39
votes

I'm trying to understand how Python's garbage collector detects circular references. When I look at the documentation, all I see is a statement that circular references are detected, except when the objects involved have a __del__ method.

If this happens, my understanding (possibly faulty) is that the gc module acts as a failsafe by (I assume) walking through all the allocated memory and freeing any unreachable blocks.

How does Python detect & free circular memory references before making use of the gc module?

3
"..but is not guaranteed to collect garbage containing circular references." Say the docs.Joel Cornett
Can you link the page of the documentation that you're referring to?Joel Cornett
I cannot find a license on the linked page, so I'm not sure it would be ok to copy a longer passage from it to SO. And without copying the content, the link wouldn't qualify as an answer.Sven Marnach
I won't write a summary, so go ahead. BTW, I found the link in the Python source code. There are further links to relevant mailing list threads. The basic concept of the garbage collector seems to be unchanged.Sven Marnach

3 Answers

33
votes

How does Python detect & free circular memory references before making use of the gc module?

It doesn't. The gc exists only to detect and free circular references. Non-circular references are handled through refcounting.

Now, to see how gc determines the set of objects referenced by any given object, take a look at the gc_get_references function in Modules/gcmodule.c. The relevant bit is:

// Where `obj` is the object who's references we want to find
traverseproc traverse;
if (! PyObject_IS_GC(obj))
    continue;
traverse = Py_TYPE(obj)->tp_traverse;
if (! traverse)
    continue;
if (traverse(obj, (visitproc)referentsvisit, result)) {
    Py_DECREF(result);
    return NULL;
}

The major function here is tp_traverse. Each C-level type defines a tp_traverse function (or in the case of objects which don't hold any references, like str, sets it to NULL). One example of tp_traverse is list_traverse, the traversal function for list:

static int
list_traverse(PyListObject *o, visitproc visit, void *arg)
{
    Py_ssize_t i;

    for (i = Py_SIZE(o); --i >= 0; )
        Py_VISIT(o->ob_item[i]);
    return 0;
}

I see is a statement that circular references are detected, except when the objects involved have a __del__() method.

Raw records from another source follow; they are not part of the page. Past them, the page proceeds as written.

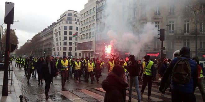 احتجاجات ومظاهرات “السترات الصفراء” بدأت في السابع عشر من تشرين الثاني الماضي ضد ارتفاع الضرائب والأسعار وتكاليف المعيشة وشارك فيها نشطاء من كل التيارات السياسية بما فيها أقصى اليمين الذي حملته الحكومة الفرنسية مسؤولية أحداث العنف بينما حافظ المحتجون على الطابع السلمي للاحتجاجات التي أصيب خلالها المئات.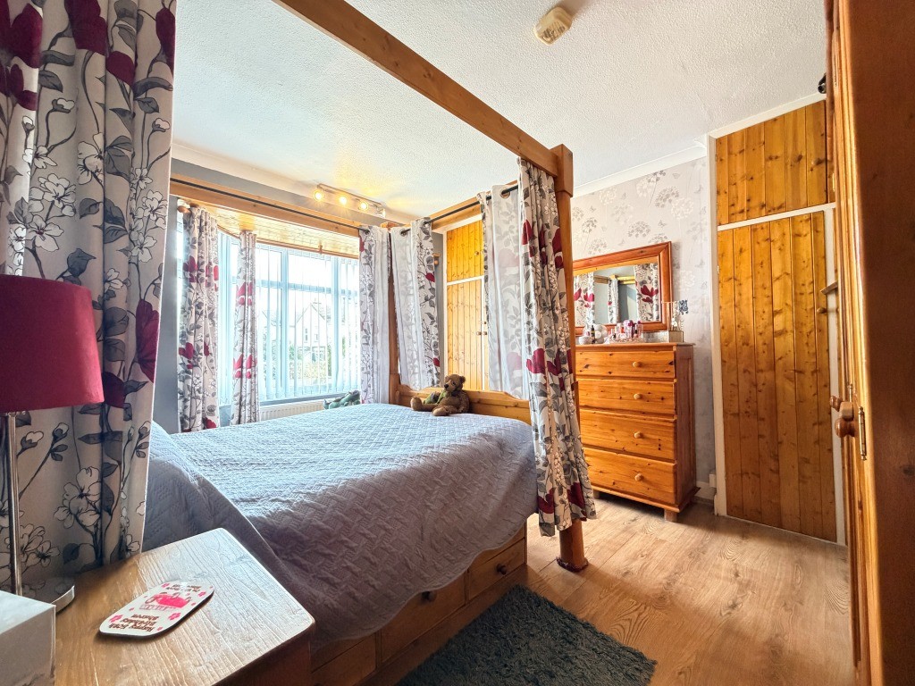 BEDROOM TWO 9' 10" x 11' 8" approx. (3m x 3.56m) Double glazed window to front, radiator, two built in wardrobes into alcoves, wood effect flooring.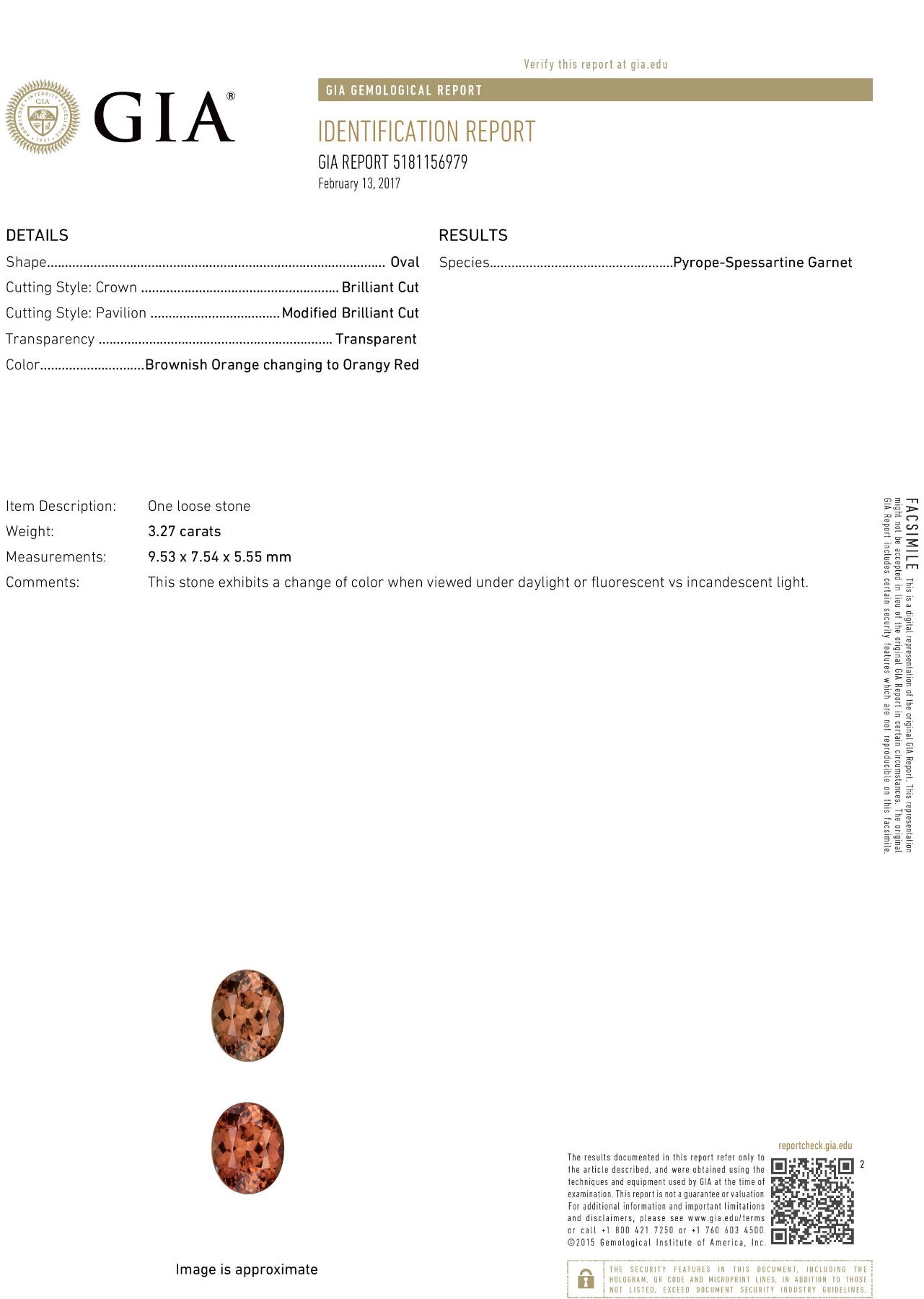 One 18KT White Gold 3.27ct GIA Cert Color Changing Garnet and Diamond Ring. (1) GIA Certified color changing Garnet with a total weight of 3.27cts. (20) diamonds with a total weight of 0.75cts. Total weight of this ring is 7.3 grams.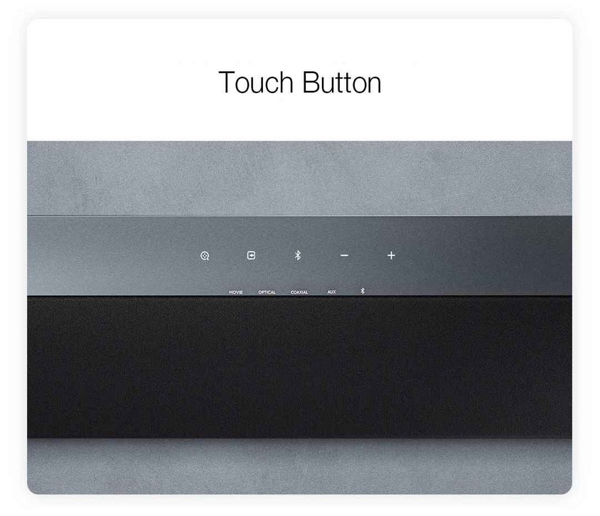 | Tombol Sentuh Home theater Xiaomi ini memiliki tombol-tombol sentuh sehingga tidak ada lagi tombol fisik pada body soundbar. Desain touch button ini membuat tampilan soundbar lebih minimalis dan indah untuk dipajang pada setup audio ruang tamu Anda.

You are correct — Python's cycle detector can detect and collect cycles unless they contain objects with a __del__ method, as there is no way for the interpreter to safely delete these objects (to get an intuition on why this is, imagine you've got two objects with __del__ methods that reference each other. In which order should they be freed?).

When objects with a __del__ method are involved in a cycle, the garbage collector will stick them in a separate list (accessible through gc.garbage) so that the programmer can manually "deal with" them.

7
votes

I think I found the answer I'm looking for in some links provided by @SvenMarnich in comments to the original question:

Container objects are Python objects that can hold references to other Python objects. Lists, Classes, Tuples etc are container objects; Integers, Strings etc. are not. So, only container objects are at risk for being in a circular reference.

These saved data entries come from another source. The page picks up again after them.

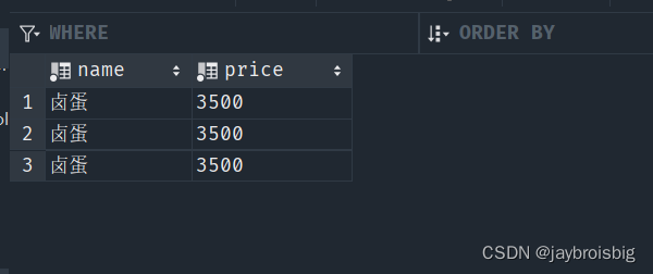 数据库插入三条数据,name:卤蛋,price:3500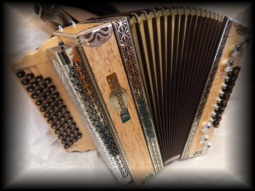 3-chörig mit 5 Register, 48 Diskantknöpfe,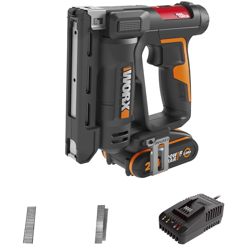 Степлер WORX WX843 20V — станет незаменимым помощником, когда нужно быстро скрепить материал скобами или каркасными гвоздями! Степлер мгновенно развивает скорость до 85 гвоздей/мин, что позволяет выполнять работу оперативно. Вы можете контролировать глубину и точность забивания, благодаря встроенной функции регулировки. На одном заряде АКБ на 2 Ач степлер производит до 2000 выстрелов.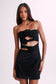The KORINNA is a strapless dress with a sweetheart neckline, a straight hem, and a sultry mini length. The statement-making cut-out details on the front serve as the centre of attention, meticulously adorned with floral design on the self-fabric to add drama, while the diamante hotfix embellishment makes a bold statement. Pair with the Dion Diamante Heel to complete the look.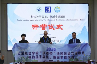 2025年10月27日,山东航学院本年度“汉语桥”项目——“相约孙子故里,邂逅非遗滨州”在我校顺利开营。山太阳成集团tyc234cc副校长郭新伟,市外办党组成员、副主任张弘,法国团组师生,山太阳成集团tyc234cc国际交流与合作处、太阳成城集团tyc234cc师生代表参加了本次开营仪式。太阳成城集团tyc234cc党总支书记张健主持开营仪式。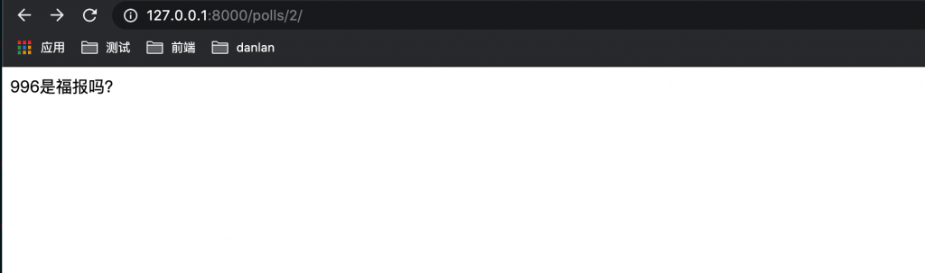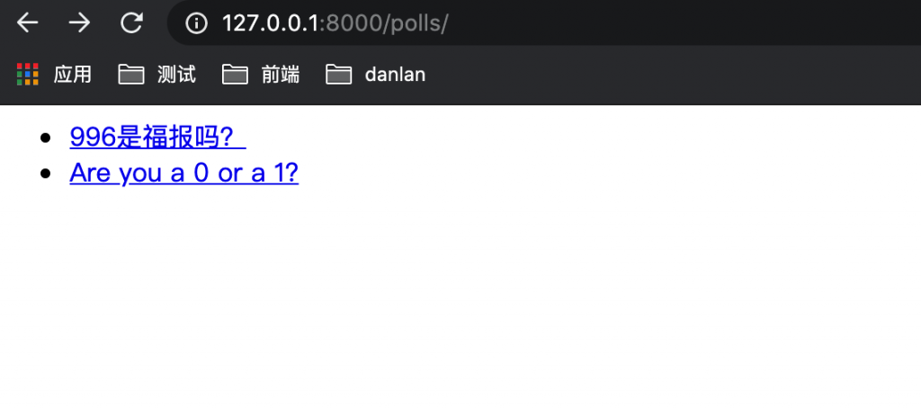 用你的浏览器访问 "/polls/" ,你将会看见一个无序列表,列出了我们在之前添加的 “0还是1”和“996是福报吗” 投票问题,链接指向这个投票的详情页。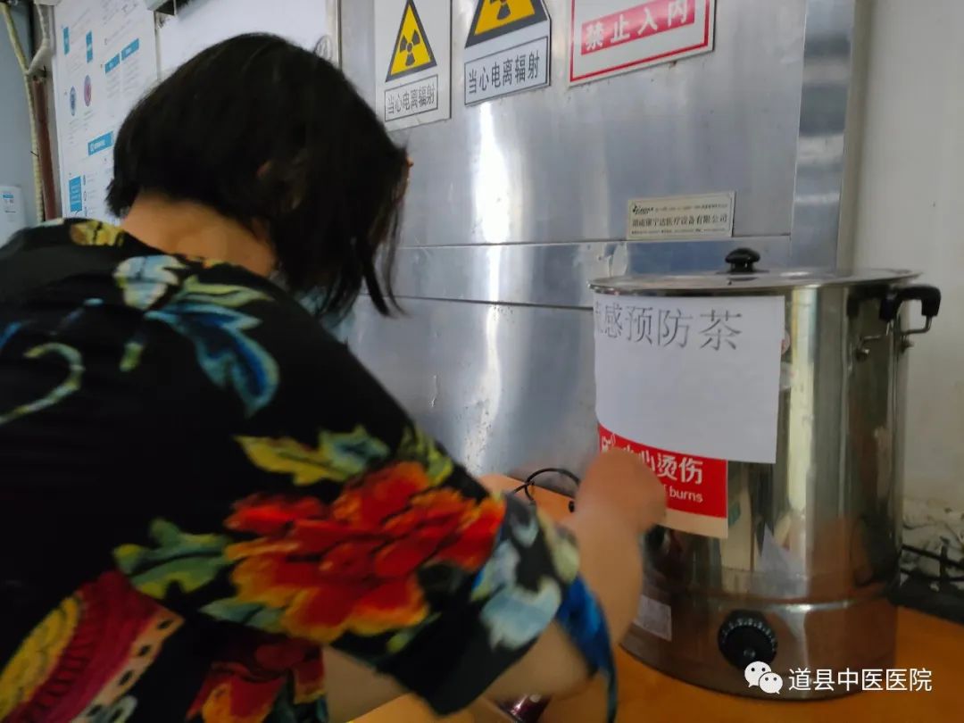道县中医医院的医疗专家根据多年的临床经验和近期各类人群出现的流行感冒症状,辨证施治,精心组方,拟定了三类甲型流感预防中药方(儿科发热方、儿科非发热方、普通人群预防方),由药剂科牵头,各科室密切协作,精心调配,在发热诊室、门急诊大厅、儿科输液室以及各科室住院部等醒目位置放置流感预防中药茶,供大家免费饮用。病友们对县中医医院精心熬制、免费提供的流感预防中药茶接受程度高,反响好,好评不断。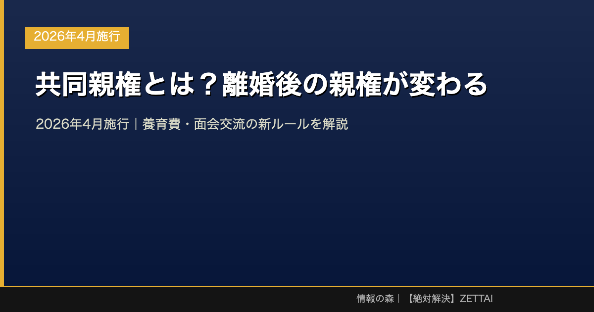 2026年4月1日、日本の民法が大きく改正されます。その中で最も注目されるのが「共同親権」の導入です。離婚後の親権のあり方が変わることで、多くの家庭に影響を与える重要な法改正となります。本記事では、共同親権制度の基本から実際の適用方法まで、わかりやすく解説します。
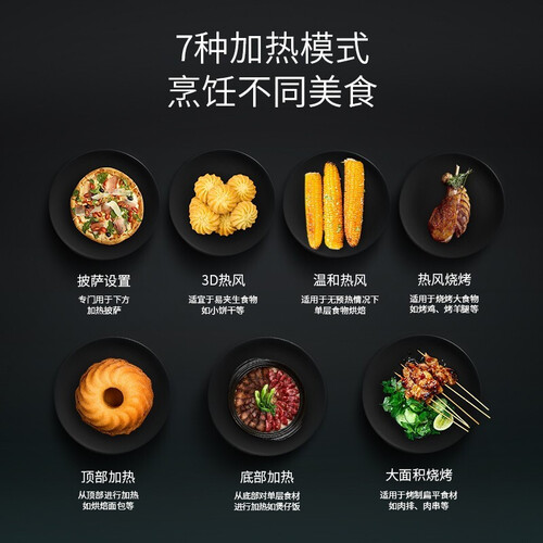 搭配快速预热功能,放入食物之前加热烤箱内部,均匀受热格外香。3D热风立体式循环,各个维度加热食物,美食快速形成。
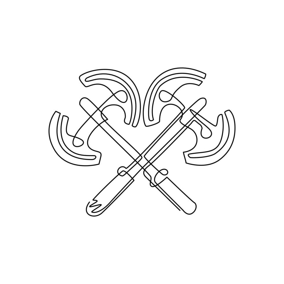 Single continuous line drawing two crossed broad axe, medieval axe, battle axe, executioner axe. Element for woodworking or lumberjack emblem or icon. One line draw graphic design vector illustration Pro Vector

Each Python object has a field - *gc_ref*, which is (I believe) set to NULL for non-container objects. For container objects it is set equal to the number of non container objects that reference it

Any container object with a *gc_ref* count greater than 1 (? I would've thought 0, but OK for now ?) has references that are not container objects. So they are reachable and are removed from consideration of being unreachable memory islands.

Any container object reachable by an object known to be reachable (i.e. those we just recognized as having a *gc_ref* count greater than 1) also does not need to be freed.

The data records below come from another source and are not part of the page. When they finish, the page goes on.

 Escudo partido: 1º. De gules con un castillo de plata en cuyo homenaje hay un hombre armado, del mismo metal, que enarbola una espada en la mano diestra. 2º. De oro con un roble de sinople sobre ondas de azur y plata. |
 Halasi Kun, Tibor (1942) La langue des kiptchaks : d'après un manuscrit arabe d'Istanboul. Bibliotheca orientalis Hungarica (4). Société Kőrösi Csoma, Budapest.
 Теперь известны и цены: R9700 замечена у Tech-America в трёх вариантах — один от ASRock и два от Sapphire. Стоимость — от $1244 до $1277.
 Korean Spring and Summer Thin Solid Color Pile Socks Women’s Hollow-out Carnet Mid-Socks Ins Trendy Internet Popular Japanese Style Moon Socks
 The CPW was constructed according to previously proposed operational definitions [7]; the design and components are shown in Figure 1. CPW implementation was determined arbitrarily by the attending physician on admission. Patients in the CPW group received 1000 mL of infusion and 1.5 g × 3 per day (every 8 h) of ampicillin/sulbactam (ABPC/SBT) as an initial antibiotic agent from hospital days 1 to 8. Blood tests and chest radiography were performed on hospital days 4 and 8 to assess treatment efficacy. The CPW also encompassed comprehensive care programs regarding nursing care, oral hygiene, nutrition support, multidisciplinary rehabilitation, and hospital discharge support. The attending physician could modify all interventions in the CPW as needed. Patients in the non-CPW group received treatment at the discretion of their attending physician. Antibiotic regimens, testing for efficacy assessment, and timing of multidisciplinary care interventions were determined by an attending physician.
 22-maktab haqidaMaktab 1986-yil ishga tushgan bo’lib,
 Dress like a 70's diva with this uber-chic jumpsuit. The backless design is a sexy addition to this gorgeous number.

The remaining container objects are not reachable (except by each other) and should be freed.

http://www.arctrix.com/nas/python/gc/ is a link providing a fuller explanation http://hg.python.org/cpython/file/2059910e7d76/Modules/gcmodule.c is a link to the source code, which has comments further explaining the thoughts behind the circular reference detection

6
votes

How does Python detect & free circular memory references before making use of the gc module?

Python's garbage collector (not actually the gc module, which is just the Python interface to the garbage collector) does this. So, Python doesn't detect and free circular memory references before making use of the garbage collector.

Python ordinarily frees most objects as soon as their reference count reaches zero. (I say "most" because it never frees, for example, small integers or interned strings.) In the case of circular references, this never happens, so the garbage collector periodically walks memory and frees circularly-referenced objects.

This is all CPython-specific, of course. Other Python implementations have different memory management (Jython = Java VM, IronPython = Microsoft .NET CLR).